7. Warum bedeutet eine GmbH nicht automatisch völlige Risikofreiheit?
Gesellschafter können ihr in die Gesellschaft investiertes Kapital verlieren. Zusätzlich können beispielsweise separat übernommene persönliche Verpflichtungen wie Bürgschaften oder eigene Pflichtverletzungen weitere Risiken begründen.
8. Zwei OHG-Gesellschafter vereinbaren intern, dass einer von ihnen für Unternehmensschulden nicht haften soll. Ist damit dessen Haftung gegenüber Gläubigern automatisch ausgeschlossen?

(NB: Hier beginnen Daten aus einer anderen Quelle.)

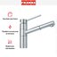 Внутри крана помещается шланг, который можно растянуть, чтобы достать струей воды до второй чаши мойки или тщательно сполоснуть посуду.
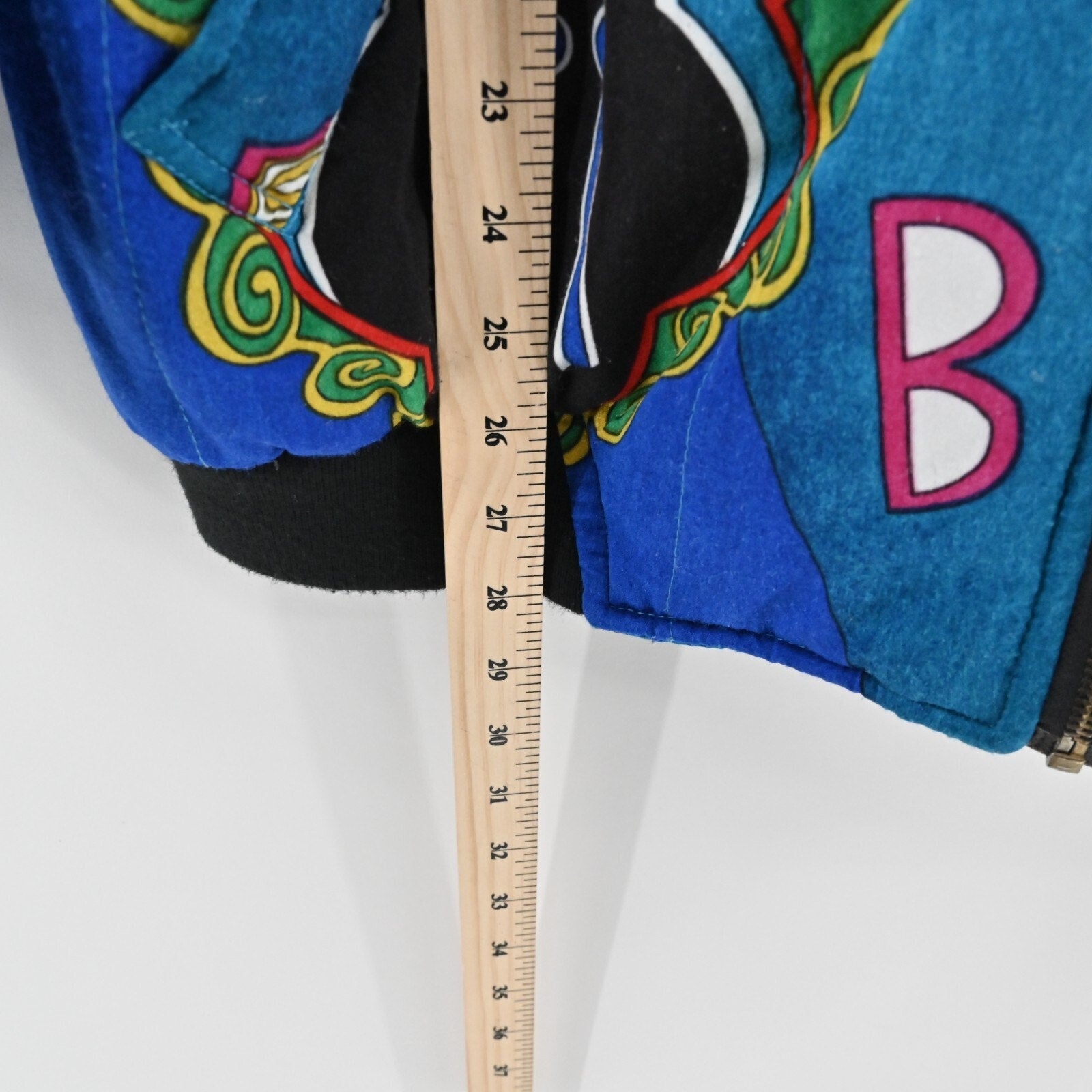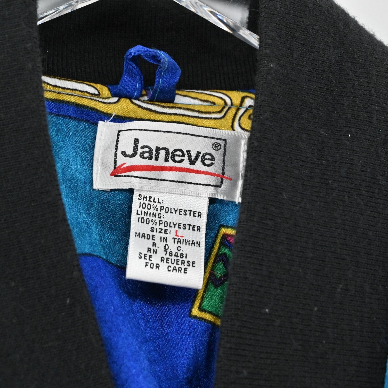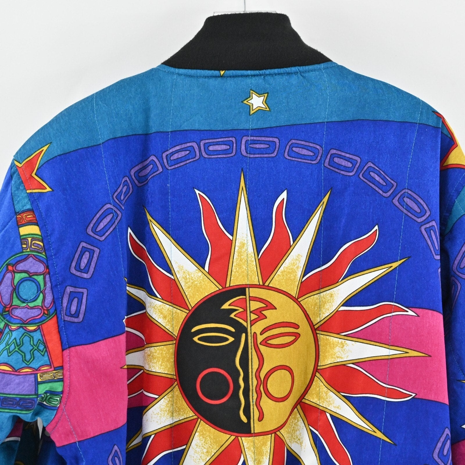 Vtg Bomber Jacket Womens Size L Dopamine Maximalist Sun Star Print Janeve Boho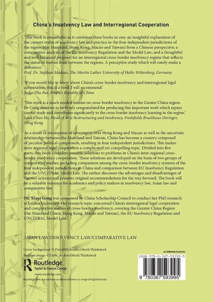 As a result of resumption of sovereignty over Hong Kong and Macao as well as the uncertain relationship between the Mainland and Taiwan, China has become a country composed of peculiar political compounds, resulting in four independent jurisdictions. This makes inter-regional legal cooperation a complicated yet compelling topic. Divided into five parts, this book considers possible solutions to problems in China's inter-regional cross-border insolvency cooperation. These solutions are developed on the basis of two groups of comparative studies, including comparison among the cross-border insolvency systems of the four independent jurisdictions in China and comparison between EU Insolvency Regulation and the UNCITRAL Model Law. The author discusses the advantages and disadvantages of the two systems and presents original recommendations for the way forward. The book will be a valuable resource for academics and policy makers in insolvency law, Asian law and comparative law.

Nein. Eine entgegenstehende interne Vereinbarung beseitigt gegenüber den Gläubigern grundsätzlich nicht die gesetzliche persönliche Haftung des OHG-Gesellschafters.
9. Unser Möbelhaus hat hohe Warenbestände, Kredite und langfristige Mietverpflichtungen. Warum ist die Haftungsfrage bei der Rechtsformwahl besonders wichtig?
Mit zunehmenden finanziellen Verpflichtungen steigt das mögliche wirtschaftliche Schadensausmaß. Deshalb muss geprüft werden, ob die Beteiligten persönlich und unbeschränkt haften sollen oder ob eine Gesellschaftsstruktur mit grundsätzlich begrenzter Gesellschafterhaftung besser zu den Unternehmensrisiken passt.